--- AVAILABLE DATA ---

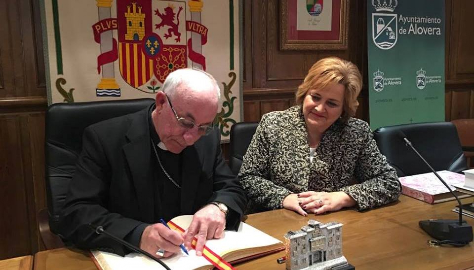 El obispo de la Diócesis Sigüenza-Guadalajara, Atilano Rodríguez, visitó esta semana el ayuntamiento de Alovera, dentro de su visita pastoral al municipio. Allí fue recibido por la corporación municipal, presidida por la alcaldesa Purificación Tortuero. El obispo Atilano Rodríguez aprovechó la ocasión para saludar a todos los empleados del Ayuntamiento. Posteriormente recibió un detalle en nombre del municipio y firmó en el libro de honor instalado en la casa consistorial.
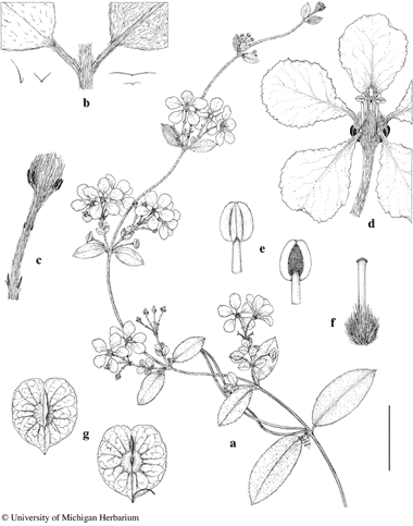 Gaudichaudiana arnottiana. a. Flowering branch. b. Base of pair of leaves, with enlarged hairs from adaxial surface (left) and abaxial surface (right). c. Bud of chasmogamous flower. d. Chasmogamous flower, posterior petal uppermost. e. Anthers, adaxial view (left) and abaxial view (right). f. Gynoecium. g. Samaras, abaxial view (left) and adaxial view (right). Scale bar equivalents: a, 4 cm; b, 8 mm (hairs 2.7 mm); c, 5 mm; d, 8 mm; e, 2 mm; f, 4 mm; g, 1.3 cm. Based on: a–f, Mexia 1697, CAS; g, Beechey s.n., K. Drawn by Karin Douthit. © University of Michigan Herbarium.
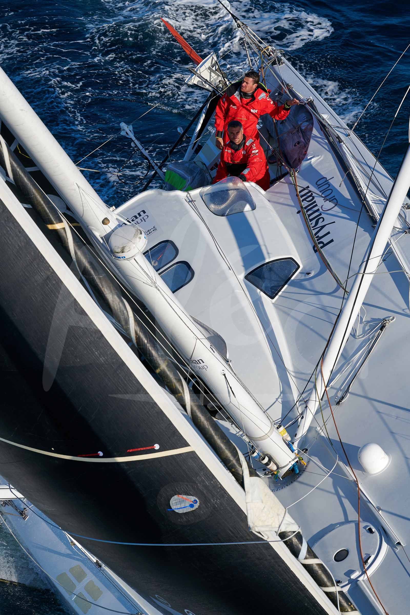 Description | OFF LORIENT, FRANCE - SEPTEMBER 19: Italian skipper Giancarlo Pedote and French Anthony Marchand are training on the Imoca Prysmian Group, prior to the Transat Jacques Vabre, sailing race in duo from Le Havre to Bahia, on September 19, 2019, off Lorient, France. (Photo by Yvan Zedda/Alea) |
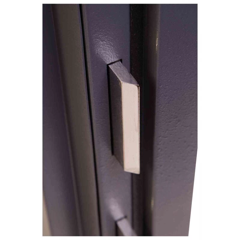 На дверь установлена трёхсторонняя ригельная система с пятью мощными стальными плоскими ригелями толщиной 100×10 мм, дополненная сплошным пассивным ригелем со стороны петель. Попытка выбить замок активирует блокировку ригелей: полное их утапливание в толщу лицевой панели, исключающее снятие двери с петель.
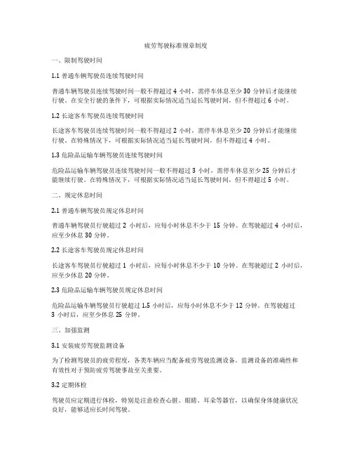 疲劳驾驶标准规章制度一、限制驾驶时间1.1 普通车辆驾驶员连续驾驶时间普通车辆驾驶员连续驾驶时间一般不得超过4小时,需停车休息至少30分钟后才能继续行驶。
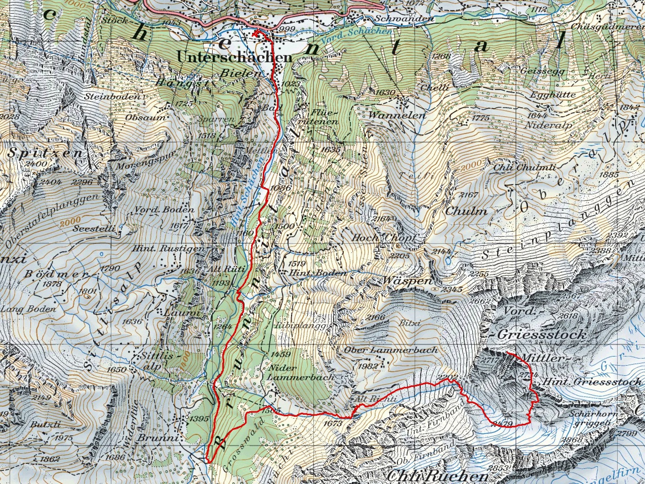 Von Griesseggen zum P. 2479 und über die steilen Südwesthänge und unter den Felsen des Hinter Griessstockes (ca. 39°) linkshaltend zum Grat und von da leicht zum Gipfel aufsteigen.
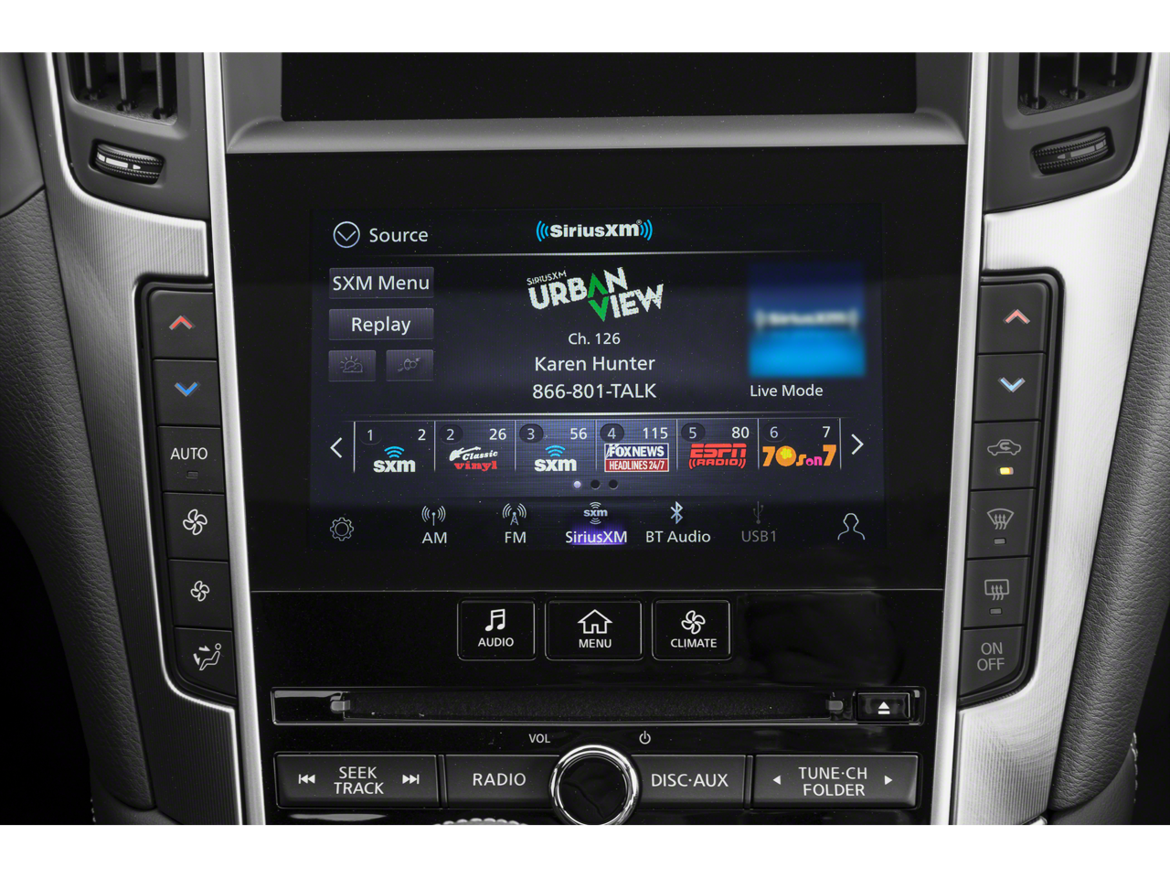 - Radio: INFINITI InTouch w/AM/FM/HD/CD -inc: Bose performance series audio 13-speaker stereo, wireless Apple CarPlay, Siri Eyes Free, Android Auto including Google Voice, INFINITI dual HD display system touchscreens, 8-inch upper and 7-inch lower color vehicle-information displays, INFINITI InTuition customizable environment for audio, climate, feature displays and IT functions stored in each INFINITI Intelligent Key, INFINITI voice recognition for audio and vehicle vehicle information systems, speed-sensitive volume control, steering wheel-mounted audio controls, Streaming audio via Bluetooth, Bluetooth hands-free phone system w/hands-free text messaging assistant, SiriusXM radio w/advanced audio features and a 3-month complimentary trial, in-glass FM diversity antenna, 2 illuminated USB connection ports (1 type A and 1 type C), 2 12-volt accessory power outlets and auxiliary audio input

---

§ **BRIEF**
What is needed here is an exact transcription of every record above, with images excluded.

§ **REPLY TO THE TASK**
 El obispo de la Diócesis Sigüenza-Guadalajara, Atilano Rodríguez, visitó esta semana el ayuntamiento de Alovera, dentro de su visita pastoral al municipio. Allí fue recibido por la corporación municipal, presidida por la alcaldesa Purificación Tortuero. El obispo Atilano Rodríguez aprovechó la ocasión para saludar a todos los empleados del Ayuntamiento. Posteriormente recibió un detalle en nombre del municipio y firmó en el libro de honor instalado en la casa consistorial.
 Gaudichaudiana arnottiana. a. Flowering branch. b. Base of pair of leaves, with enlarged hairs from adaxial surface (left) and abaxial surface (right). c. Bud of chasmogamous flower. d. Chasmogamous flower, posterior petal uppermost. e. Anthers, adaxial view (left) and abaxial view (right). f. Gynoecium. g. Samaras, abaxial view (left) and adaxial view (right). Scale bar equivalents: a, 4 cm; b, 8 mm (hairs 2.7 mm); c, 5 mm; d, 8 mm; e, 2 mm; f, 4 mm; g, 1.3 cm. Based on: a–f, Mexia 1697, CAS; g, Beechey s.n., K. Drawn by Karin Douthit. © University of Michigan Herbarium.
 Description | OFF LORIENT, FRANCE - SEPTEMBER 19: Italian skipper Giancarlo Pedote and French Anthony Marchand are training on the Imoca Prysmian Group, prior to the Transat Jacques Vabre, sailing race in duo from Le Havre to Bahia, on September 19, 2019, off Lorient, France. (Photo by Yvan Zedda/Alea) |
 На дверь установлена трёхсторонняя ригельная система с пятью мощными стальными плоскими ригелями толщиной 100×10 мм, дополненная сплошным пассивным ригелем со стороны петель. Попытка выбить замок активирует блокировку ригелей: полное их утапливание в толщу лицевой панели, исключающее снятие двери с петель.
 疲劳驾驶标准规章制度一、限制驾驶时间1.1 普通车辆驾驶员连续驾驶时间普通车辆驾驶员连续驾驶时间一般不得超过4小时,需停车休息至少30分钟后才能继续行驶。
 Von Griesseggen zum P. 2479 und über die steilen Südwesthänge und unter den Felsen des Hinter Griessstockes (ca. 39°) linkshaltend zum Grat und von da leicht zum Gipfel aufsteigen.
 - Radio: INFINITI InTouch w/AM/FM/HD/CD -inc: Bose performance series audio 13-speaker stereo, wireless Apple CarPlay, Siri Eyes Free, Android Auto including Google Voice, INFINITI dual HD display system touchscreens, 8-inch upper and 7-inch lower color vehicle-information displays, INFINITI InTuition customizable environment for audio, climate, feature displays and IT functions stored in each INFINITI Intelligent Key, INFINITI voice recognition for audio and vehicle vehicle information systems, speed-sensitive volume control, steering wheel-mounted audio controls, Streaming audio via Bluetooth, Bluetooth hands-free phone system w/hands-free text messaging assistant, SiriusXM radio w/advanced audio features and a 3-month complimentary trial, in-glass FM diversity antenna, 2 illuminated USB connection ports (1 type A and 1 type C), 2 12-volt accessory power outlets and auxiliary audio input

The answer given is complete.